Kenney Mfg. Co. v. Wells & Newton Co.

135 F. 101, 1904 U.S. App. LEXIS 5179
CourtU.S. Circuit Court for the District of Southern New York
DecidedDecember 22, 1904
StatusPublished
Cited by1 cases

This text of 135 F. 101 (Kenney Mfg. Co. v. Wells & Newton Co.) is published on Counsel Stack Legal Research, covering U.S. Circuit Court for the District of Southern New York primary law. Counsel Stack provides free access to over 12 million legal documents including statutes, case law, regulations, and constitutions.

Bluebook
Kenney Mfg. Co. v. Wells & Newton Co., 135 F. 101, 1904 U.S. App. LEXIS 5179 (circtsdny 1904).

Opinion

WHEELER, District Judge.

This suit is brought for alleged infringement of the first two claims of patent No. 371,431, dated October 11, 1887, granted to William S. Cooper, and owned by the plaintiff upon a valve for water-closets, which has a down-projecting flange of a little less diameter at its lower edge than the discharge pipe to restrict the flow as it enters the pipe, and a lessening diameter towards its upper part, permitting an after-flow for sealing the traps.

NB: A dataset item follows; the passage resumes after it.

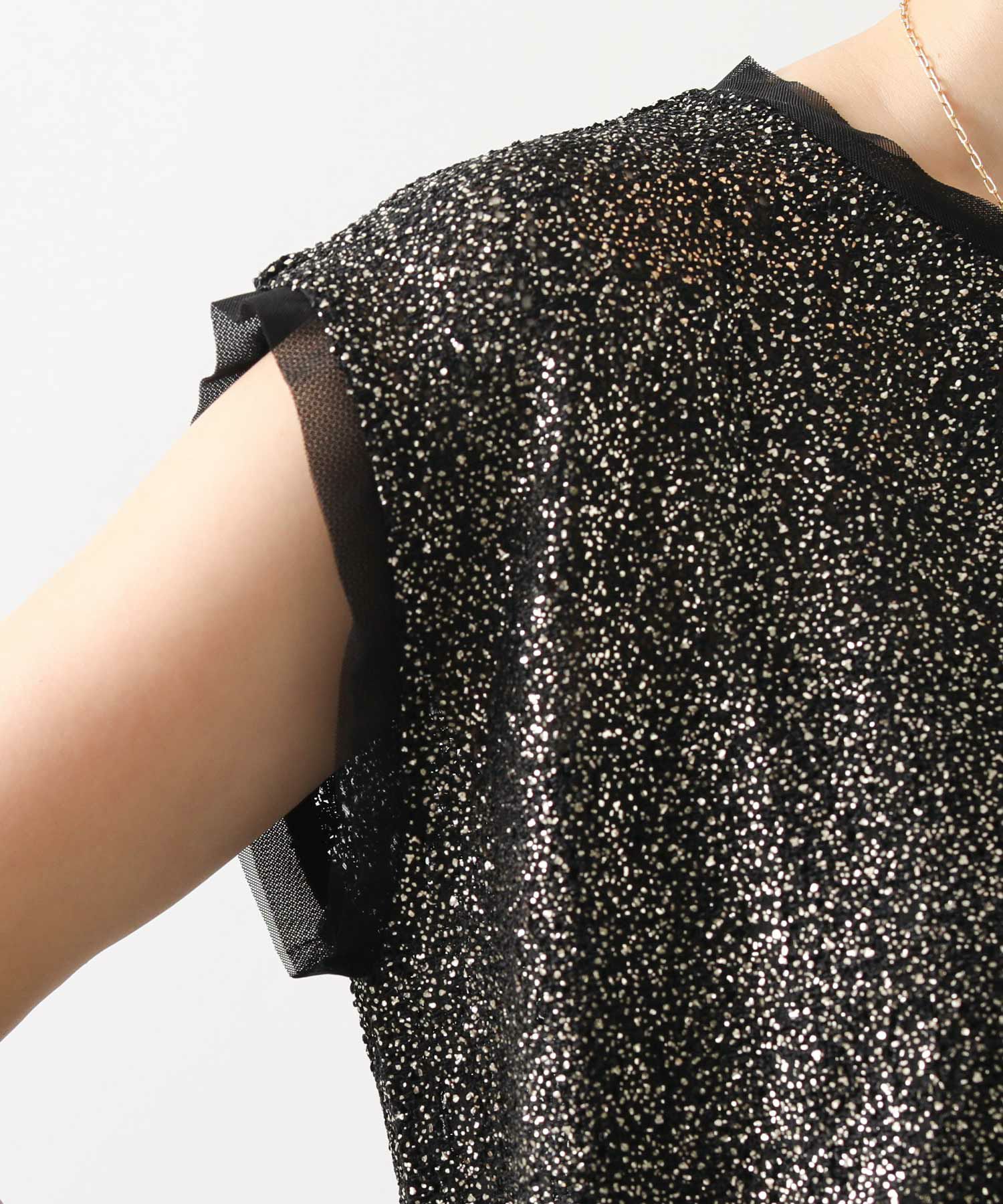 凹凸感のあるストレッチカットソーに、箔プリントが施された華やかな素材を使用して、袖口と裾に軽やかなシアーチュールをドッキングさせています。

The claims are:

“(1) The combination, in a water-closet supply valve, of a discharge chest, a valve constructed to close the mouth of the chest and having a depending flange or projection somewhat less in size than the said mouth, and means for raising the valve so that the lower end of the flange is above the top of the mouth, whereby when the valve is first opened a full flow of water through the chest is permitted, which flow is diminished when in the closing movement of the valve the flange of the same enters the mouth of the discharge chest, the diminished flow continuing during the remainder of the movement, all substantially as specified.
“(2) The combination, in a water-closet supply valve, of a discharge chest, a valve constructed to close the mouth of the chest, and having a depending flange less in size than said mouth, but constructed to enter the same and restrict the flow as the valve commences to close, and means, substantially as described, for retarding the closing movement of the valve, all substantially as specified.”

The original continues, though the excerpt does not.